Bicara vaksin Nusantara sebetulnya belum bicara vaksin jadi. Ini baru proses menuju calon vaksin dengan platform yang tidak sama dengan vaksin konvensional yang ada.
Kalau calon vaksin ini jadi heboh, itu lantaran ”dapur” proses pembuatannya telanjur menjadi konsumsi publik. Opini medik berbasis ketentuan kaidah ilmiah jadi rancu dengan opini publik yang mengandalkan akal sehat semata. Suatu hal yang sebetulnya tak boleh terjadi.
Di mata medik, bukti ilmiah (scientific evidence) dilemahkan oleh testimoni sekelompok orang dan tokoh. Rancunya opini medik dengan opini publik jelas membingungkan masyarakat. Publik tak bisa membedakan mana yang benar dari yang tidak benar.
Dapur pembuatan vaksin tentu harus ilmiah, tunduk pada aturan dan protokol riset serta cara uji yang benar. Kalau masalah sampai timbul, itu karena pihak penggagas calon vaksin dianggap berkutat pada cara yang tidak bersesuaian dengan protokol BPOM. Uji fase pertama dinilai belum valid, sudah mau lanjut memasuki uji fase kedua.
Pihak penggagas calon vaksin beranggapan uji fase pertama tidak perlu sama dengan protokol uji BPOM sebagaimana wajib ditempuh oleh vaksin konvensional. Misal, oleh karena bahan vaksin diperoleh dari darah penerima vaksin sendiri (autologus), apakah masih perlu menempuh uji yang sama dengan uji vaksin konvensional?

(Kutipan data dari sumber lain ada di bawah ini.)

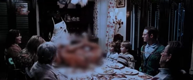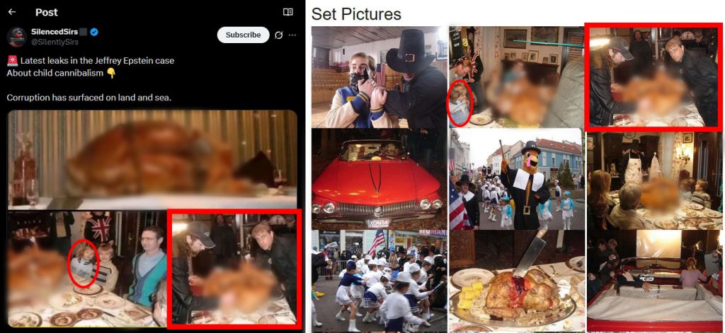 The images in question are behind-the-scenes stills from the 2007 horror film “Thanksgiving.” The scenes depict a cannibalistic feast staged as a twisted parody of a traditional Christian Thanksgiving dinner and hold no connection to the Epstein files.
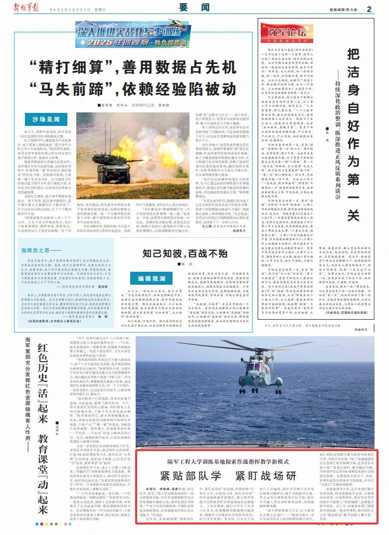该基地领导介绍,近年来他们集中优质资源,研发智慧教学系统、兵棋推演系统等,为战例研析、想定作业等传统教学手段插上“科技翅膀”,显著提升教学质效。近几年,该基地有两门课程获评国家级一流本科课程,教学团队在全军“联战胜战”教学创新大赛中获一等奖。

Kalau bahan vaksin diolah dari darah sendiri, apa masih perlu uji pada hewan? Perlu diskusi ilmiah pihak BPOM dengan tim penggagas vaksin baru untuk mendudukkan persoalan supaya ada kesepakatan kedua belah pihak.
Melihat tujuan menemukan vaksin baru untuk kemaslahatan bangsa, niat ini perlu kita dukung. Namun, semua pihak perlu tunduk pada kebenaran ilmiah. Kita tahu niat mulia ini ditunjang teknologi tinggi Amerika Serikat, dan konon tersedia teknologi untuk memproduksi massal. Ini bonus buat bangsa kalau terbukti benar, vaksin mampu bertahan seumur hidup.
Dari berita yang beredar, pendampingan ilmiah pihak BPOM sudah dikerjakan selama uji fase pertama di Universitas Diponegoro. Ini perlu lebih diungkapkan supaya terang benderang di antara kalangan medik ataupun publik, tidak perlu baku salah sangka. Tidak ada dusta di antara kita.